The enforced rules of Java compilation make it necessary. Java needs to know what is in the domain of code in order to validate the rules are followed. The domain is the set of jar files in your classpath.
If you implement an interface, the non-abstract implementing class or the non-abstract children of a class implementing an interface need to implement the interface. Override annotations need to be satisfied. References to other methods need to be visible, from both the code perspective and the human perspective. If a method uses a method in a different class or interface, the signature of the method needs to be known by the calling class.
How would I approach it?
I'll use "classifiers" to refer to both classes and interfaces.
You want to start with a set of known validated classifiers and known unvalidated classifiers.
Start with the known unvalidated classifiers are all the classifiers in your target project and known validate classifiers is empty.
Go through each of the unvalidated classifiers and identify any classifiers used that are not already known and add them to the unvalidated classifiers set.
Validate that the current unvalidated classifier is on the classpath.
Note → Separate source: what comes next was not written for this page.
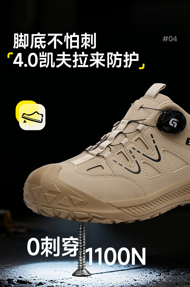 2026新款劳保鞋男防砸防刺安全鞋钢包头4.0凯夫拉橡胶底大底工作鞋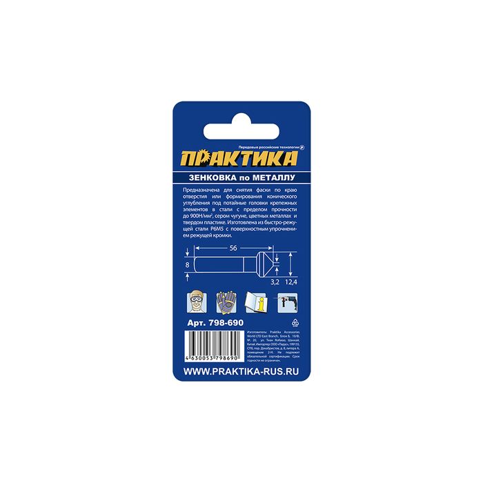 Зенковка по металлу ПРАКТИКА 12,4 х 56 мм, 90 град., под резьбу М6 - цена, фото, технические характеристики

Error if not found.
Move the processed classifier from unvalidated to validated.
Repeat this process until all classifiers have been validated.
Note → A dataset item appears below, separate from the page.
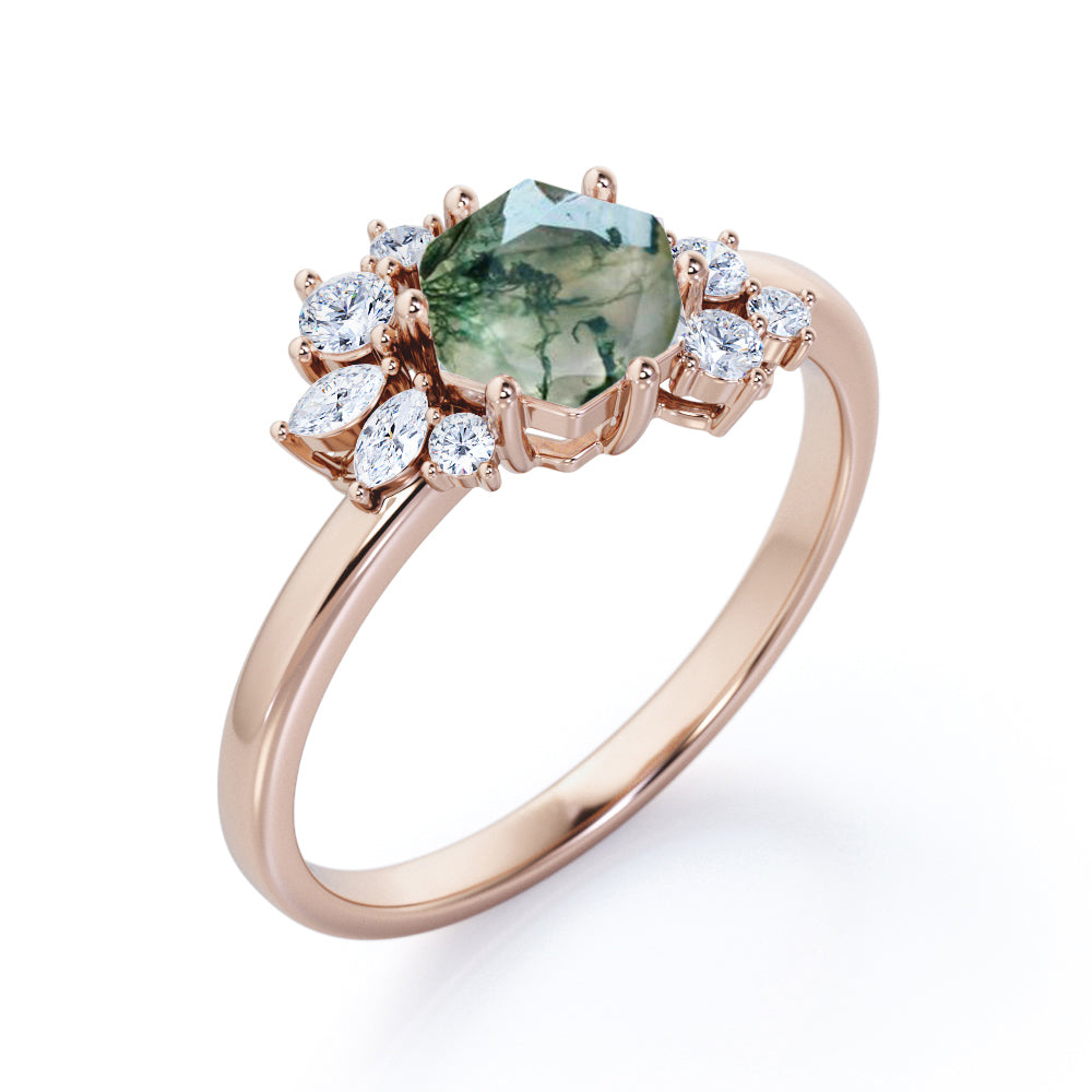 Clustered 0.6 Carat Hexagon Moss Agate Engagement Ring

Classifiers used includes field types, method return types, method parameter types, variable types in parameters, extended classes, implemented interfaces, annotations, and in some cases Javadoc references. Depending on your project rules, going solely by imports could miss some things. An interface may be in the same package but sourced from a different project.
Why do reflection and Spring-configuration need to be out of scope?
Such actions use text-based handoffs to get code done. Reflection can create a classes using the string "Package.classname" without being identified as a "used class". These concepts would require extra handling beyond the scope of a pure source code analysis or bytecode analysis.
If you want to dive deeper, the Java Virtual Machine specification can give you a deeper understanding of what a class file needs to run. Specifically "4. The class File Format" in the Java 10 spec and "5. Loading, Linking, and Initializing".